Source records
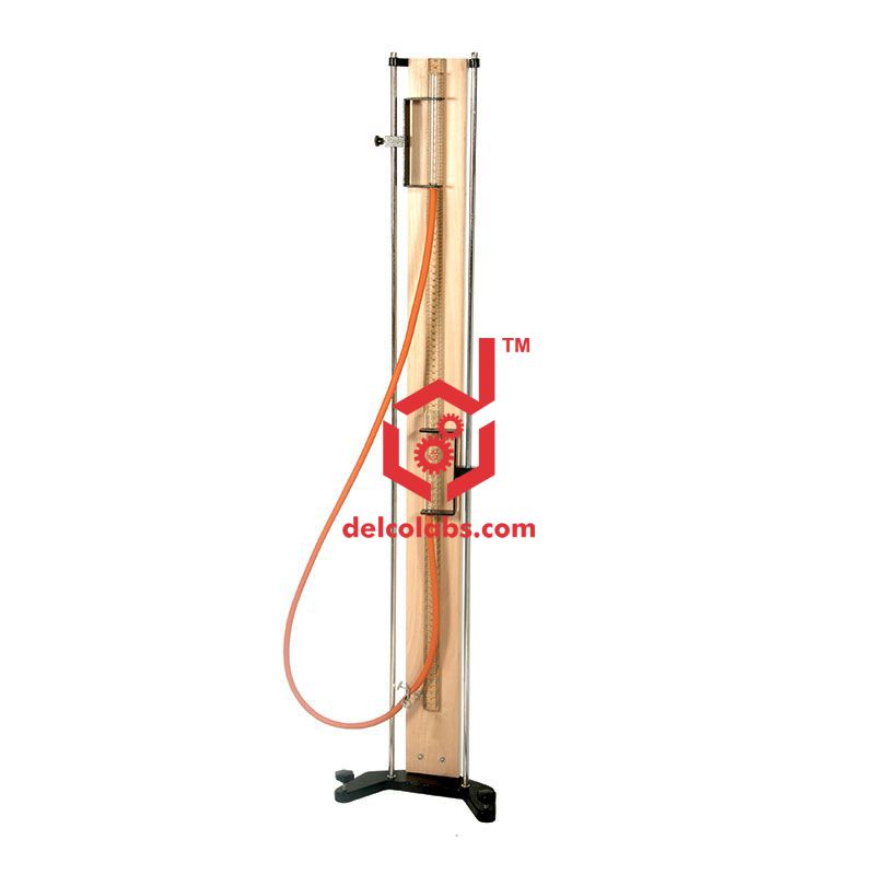 Demonstrates the relationship between pressure and volume of a given mass of gas at a fixed temperature, i.e., Boyle's Law. Consists of two glass tubes – one having both ends open and the other having one end closed. Both the tubes are mounted on vertical support rods with the help of sliding brackets that can be positioned anywhere along the length of the rod and are connected to each other through a flexible pressure rubber tubing. A meter rule graduated 0-100cm × 1mm, reading in both directions present between the two support-rods on a wooden back plate and facilitates level reading in both the tubes. Complete apparatus mounted on a stable cast-metal base with levelling screws. Requires mercury for use, not included (available optionally).
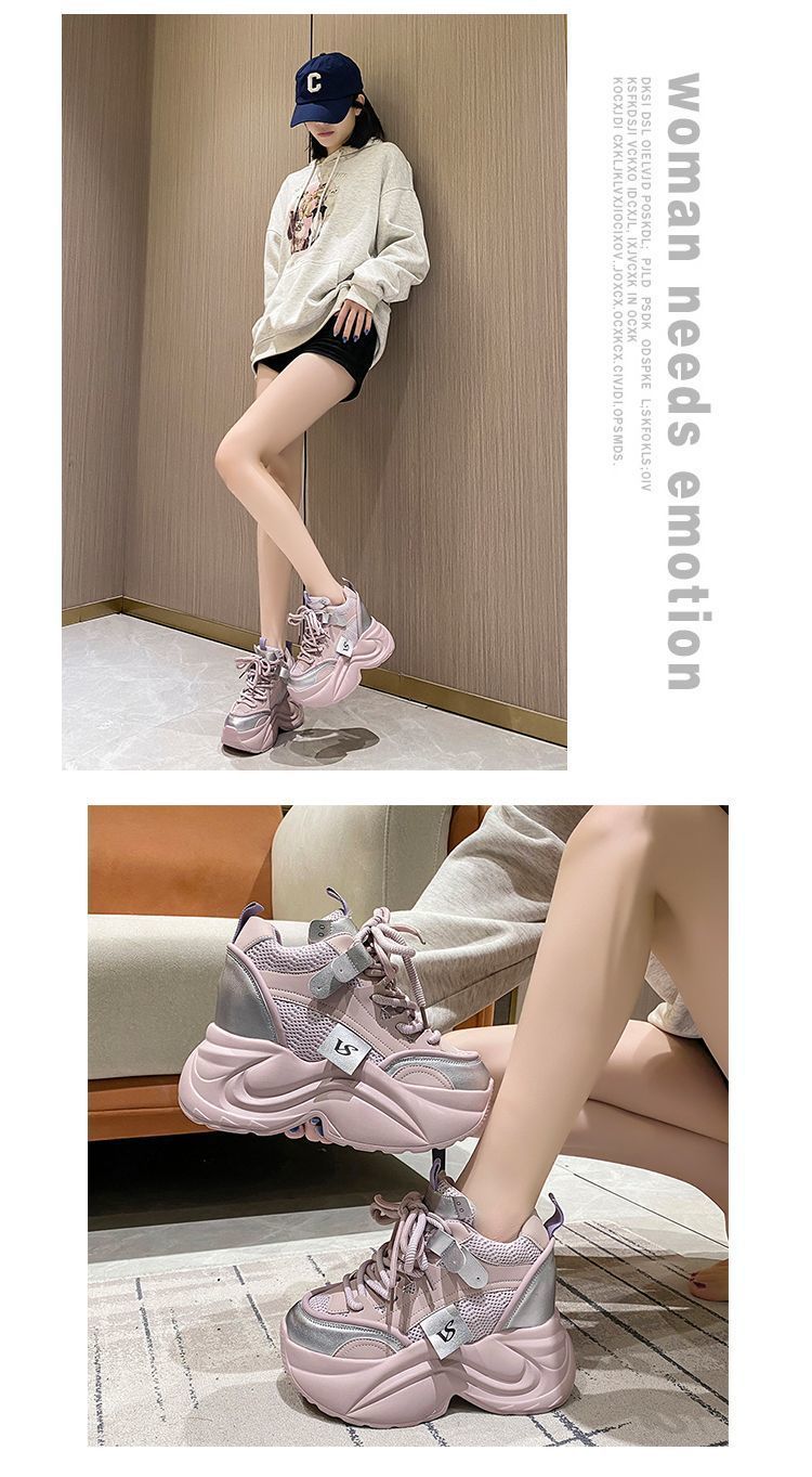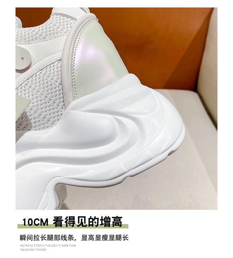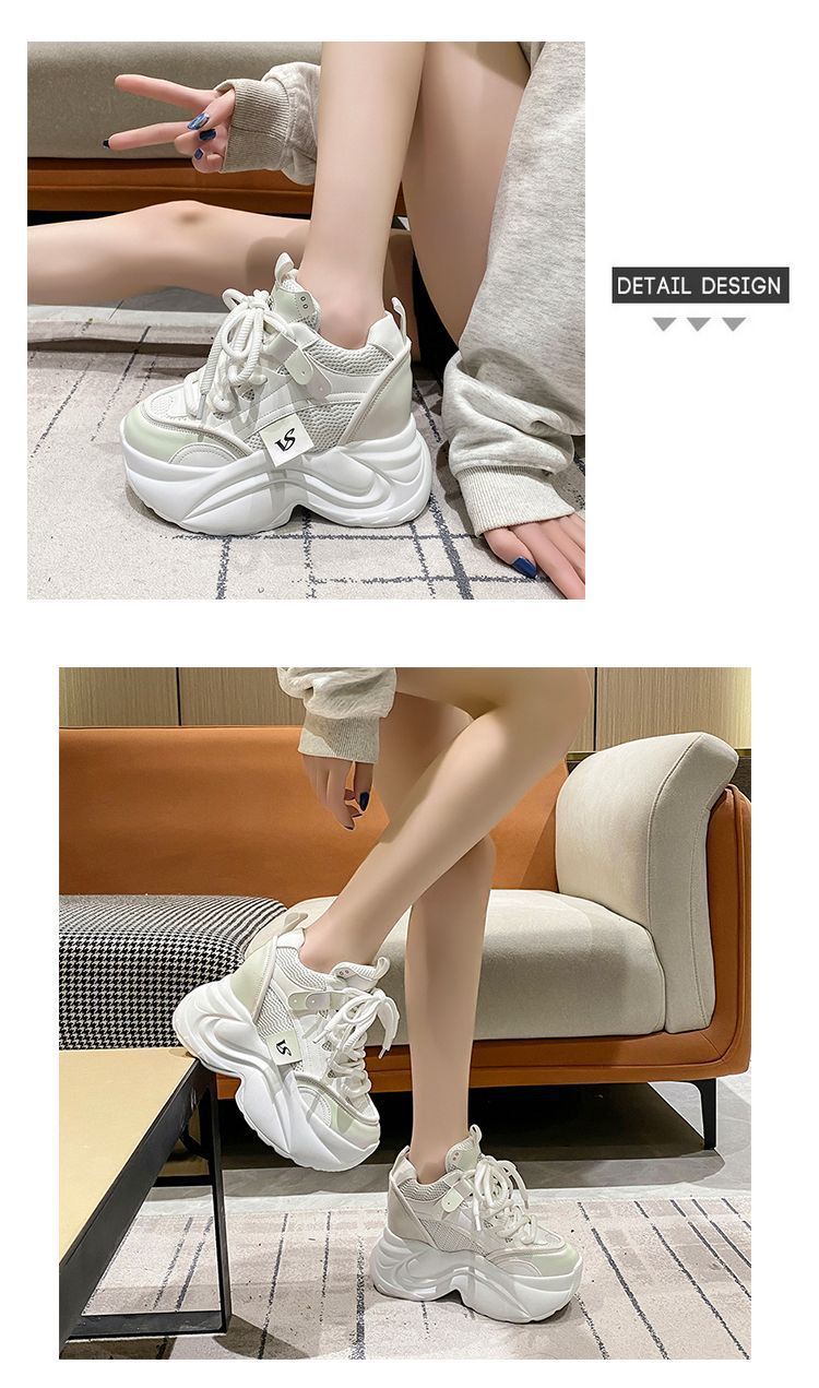 유럽 스테이션 10 여성용 키가 큰 흰색 신발, 봄 가을 신상 메쉬 다용도 레이스업 캐주얼 슈즈
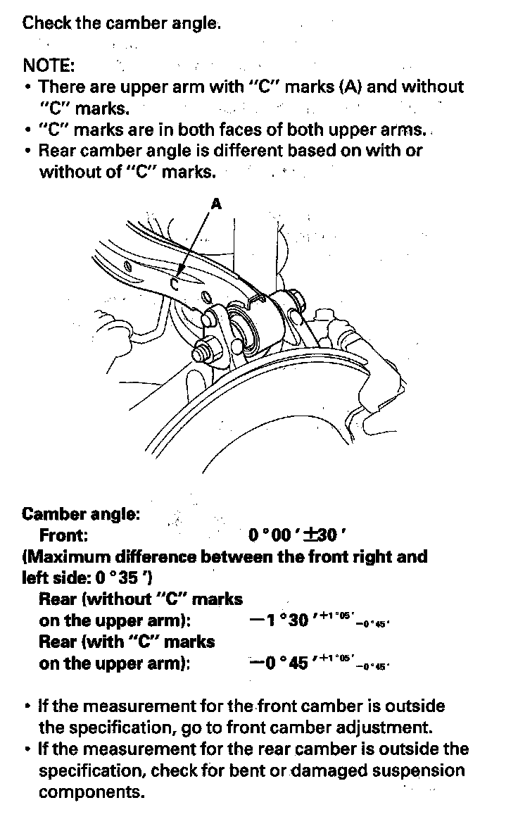 Wheel AlignmentThe suspension can be adjusted for front camber, front toe, and rear toe. However, each of these adjustments are related to each other. For example, when you adjust camber, the toe will change. Therefore, you must adjust the front wheel alignment whenever you adjust camber or toe.
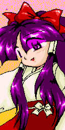 • (Touhou 1 to 5) Фиолетовые глаза, длинные фиолетовые волосы, носит большой красный бант в волосах. Носит красно-белое платье, отдаленно схожее с одеждой японских жриц при храмах.
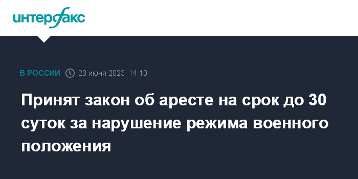 Принят закон об аресте на срок до 30 суток за нарушение режима военного положения
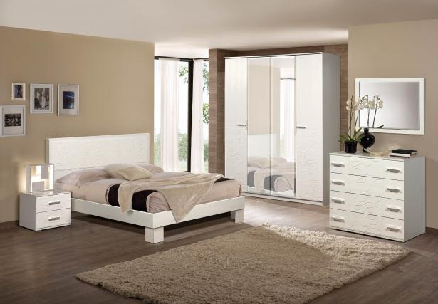 Мебельный гарнитур «Розалия» обладает изысканным дизайном благодаря декору фасадов в виде распустившихся роз. Комплект включает шкаф с двумя отделениями, двуспальную кровать, две прикроватные тумбы и комод с четырьмя выдвижными ящиками. Производитель предлагает два цветовых решения корпуса: полностью светлый или тёмный в сочетании с нежным тоном фасада. Ручки в виде скоб обеспечивают удобство открывания и подчёркивают изящный стиль мебели.
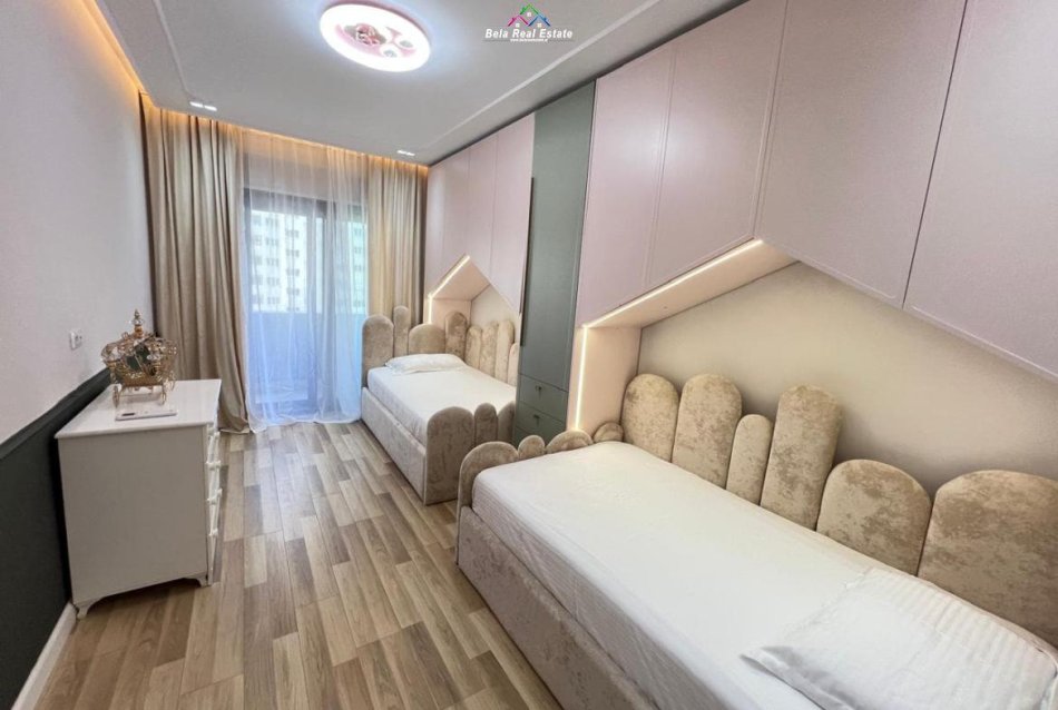 Ne Astir, rruga Feizi Hizmo, tek Oasis Residence, jepet me qera apartament 2+1, me siperfaqe 117 m2, kati i 7, pallat i ri, me ashensor, 2 tualete, ballkon, par
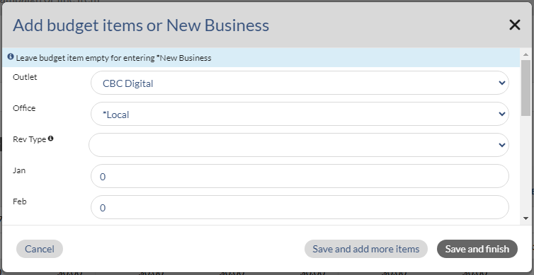 1. Click on the (+) Add Budget Item or New Business button which is located at the bottom left corner of the page.
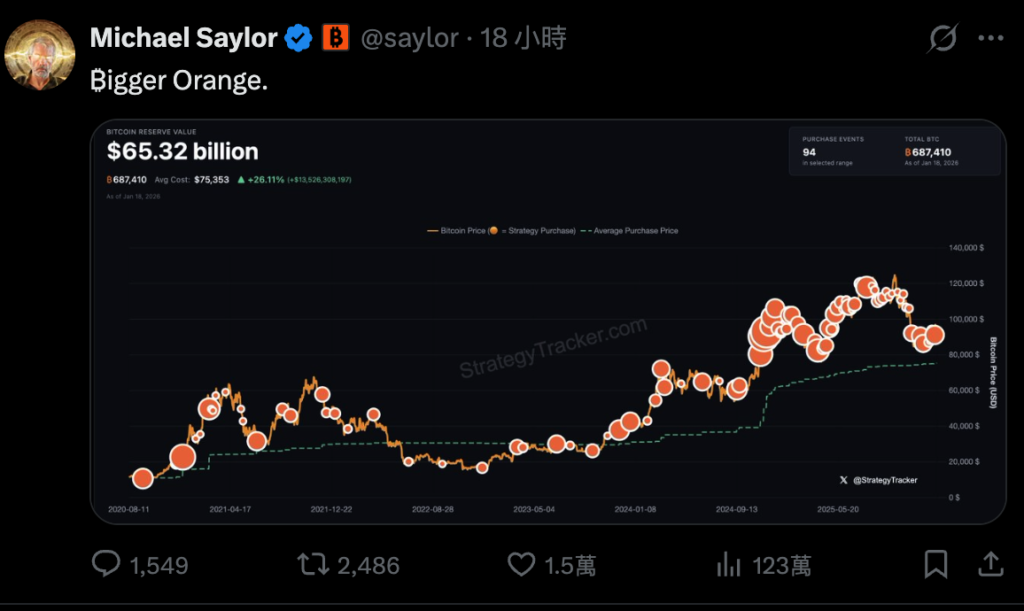 (前情提要:狂買!微策略 Strategy 砸 12.5 億美元加碼 1.3 萬枚比特幣,總持倉突破 68.7 萬枚 BTC)
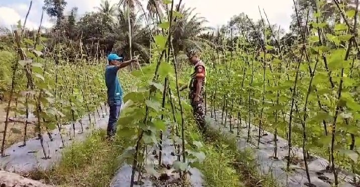 Bintara Pembina Desa (Babinsa) Koramil 06/Manyak Payed Sertu Ramayanto bersama masyarakat melaksanakan Komsos pendampingan pada tanaman kacang panjang di Desa Matang Ara Jawa, Kecamatan Manyak Payed, Kabupaten Aceh Tamiang. Jumat (14/02/2025)
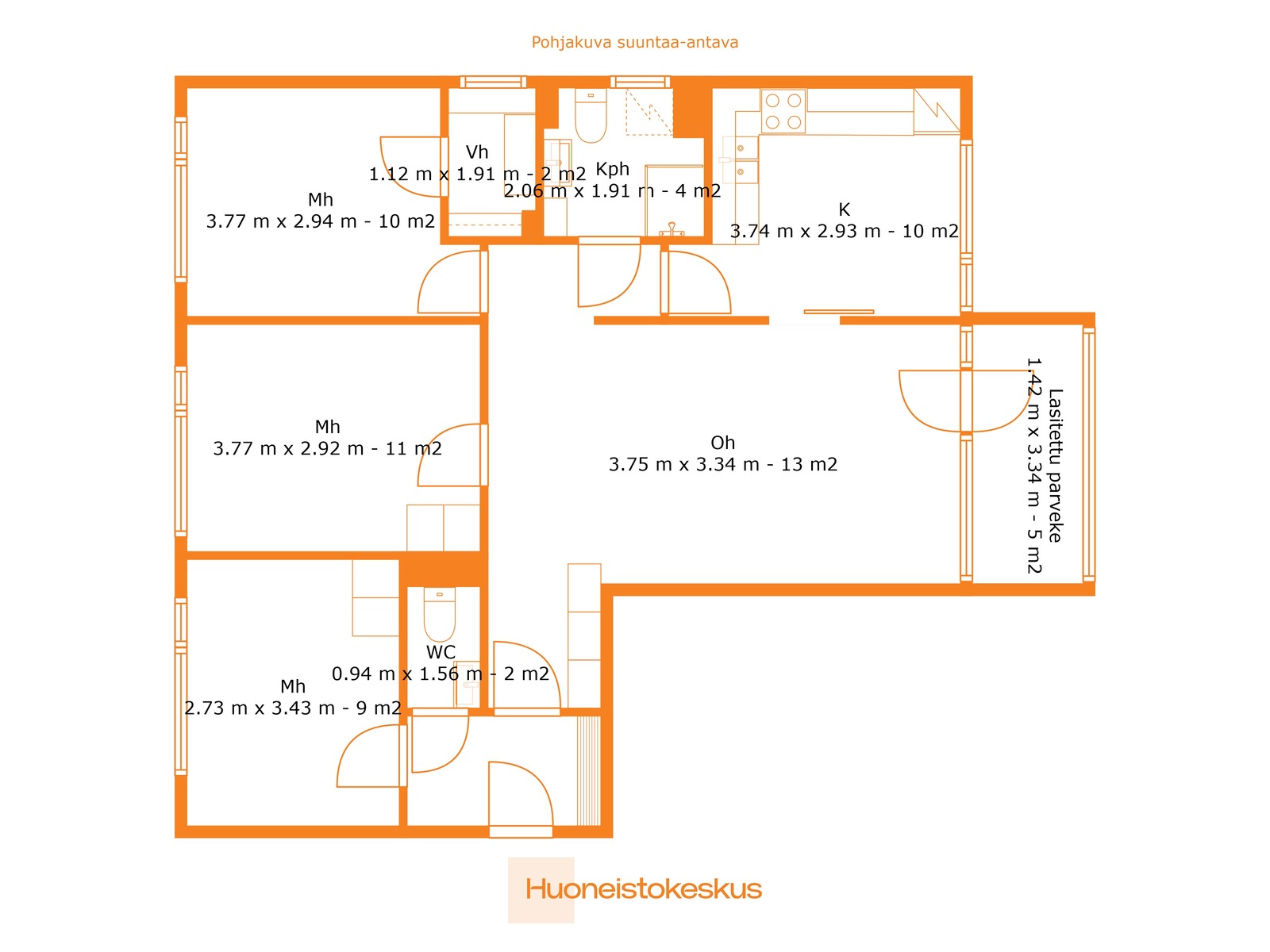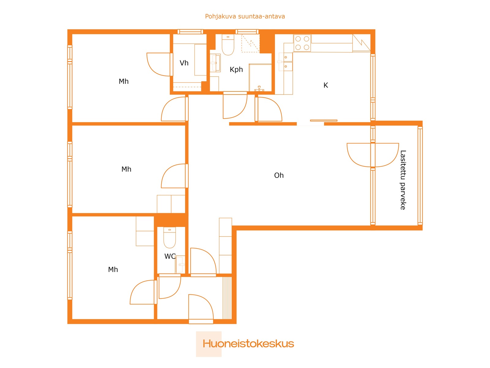 | Huoneistoselitelmä | 4 h, k, kh, 2 x wc, vh, lasitettu parveke (Yj 4 h+k) |
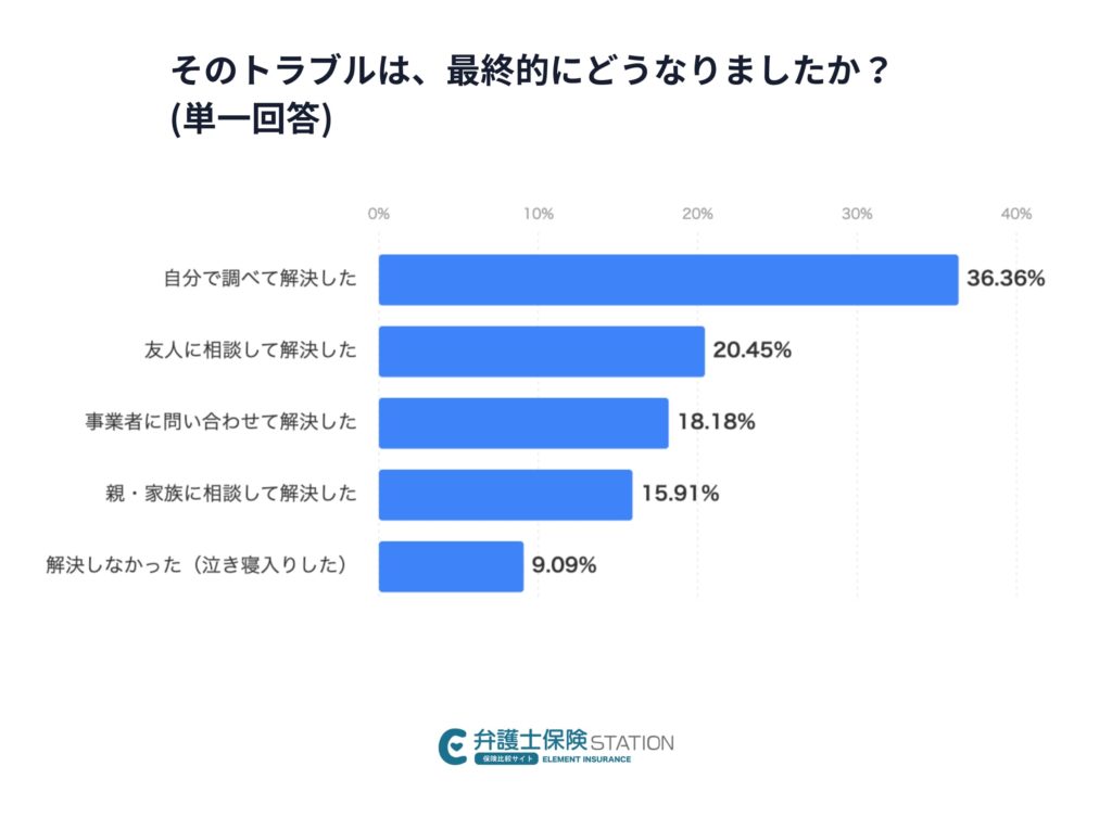 トラブル後の対応としては、「自分で調べて解決した」が最も多い一方、解決に至らなかった回答も一定数見られました。

Exercise aim
Every record must be duplicated exactly, except for the pictures, which are left out.

Result of this exercise
 Demonstrates the relationship between pressure and volume of a given mass of gas at a fixed temperature, i.e., Boyle's Law. Consists of two glass tubes – one having both ends open and the other having one end closed. Both the tubes are mounted on vertical support rods with the help of sliding brackets that can be positioned anywhere along the length of the rod and are connected to each other through a flexible pressure rubber tubing. A meter rule graduated 0-100cm × 1mm, reading in both directions present between the two support-rods on a wooden back plate and facilitates level reading in both the tubes. Complete apparatus mounted on a stable cast-metal base with levelling screws. Requires mercury for use, not included (available optionally).
 유럽 스테이션 10 여성용 키가 큰 흰색 신발, 봄 가을 신상 메쉬 다용도 레이스업 캐주얼 슈즈
 Wheel AlignmentThe suspension can be adjusted for front camber, front toe, and rear toe. However, each of these adjustments are related to each other. For example, when you adjust camber, the toe will change. Therefore, you must adjust the front wheel alignment whenever you adjust camber or toe.
 • (Touhou 1 to 5) Фиолетовые глаза, длинные фиолетовые волосы, носит большой красный бант в волосах. Носит красно-белое платье, отдаленно схожее с одеждой японских жриц при храмах.
 Принят закон об аресте на срок до 30 суток за нарушение режима военного положения
 Мебельный гарнитур «Розалия» обладает изысканным дизайном благодаря декору фасадов в виде распустившихся роз. Комплект включает шкаф с двумя отделениями, двуспальную кровать, две прикроватные тумбы и комод с четырьмя выдвижными ящиками. Производитель предлагает два цветовых решения корпуса: полностью светлый или тёмный в сочетании с нежным тоном фасада. Ручки в виде скоб обеспечивают удобство открывания и подчёркивают изящный стиль мебели.
 Ne Astir, rruga Feizi Hizmo, tek Oasis Residence, jepet me qera apartament 2+1, me siperfaqe 117 m2, kati i 7, pallat i ri, me ashensor, 2 tualete, ballkon, par
 1. Click on the (+) Add Budget Item or New Business button which is located at the bottom left corner of the page.
 (前情提要:狂買!微策略 Strategy 砸 12.5 億美元加碼 1.3 萬枚比特幣,總持倉突破 68.7 萬枚 BTC)
 Bintara Pembina Desa (Babinsa) Koramil 06/Manyak Payed Sertu Ramayanto bersama masyarakat melaksanakan Komsos pendampingan pada tanaman kacang panjang di Desa Matang Ara Jawa, Kecamatan Manyak Payed, Kabupaten Aceh Tamiang. Jumat (14/02/2025)
 | Huoneistoselitelmä | 4 h, k, kh, 2 x wc, vh, lasitettu parveke (Yj 4 h+k) |
 トラブル後の対応としては、「自分で調べて解決した」が最も多い一方、解決に至らなかった回答も一定数見られました。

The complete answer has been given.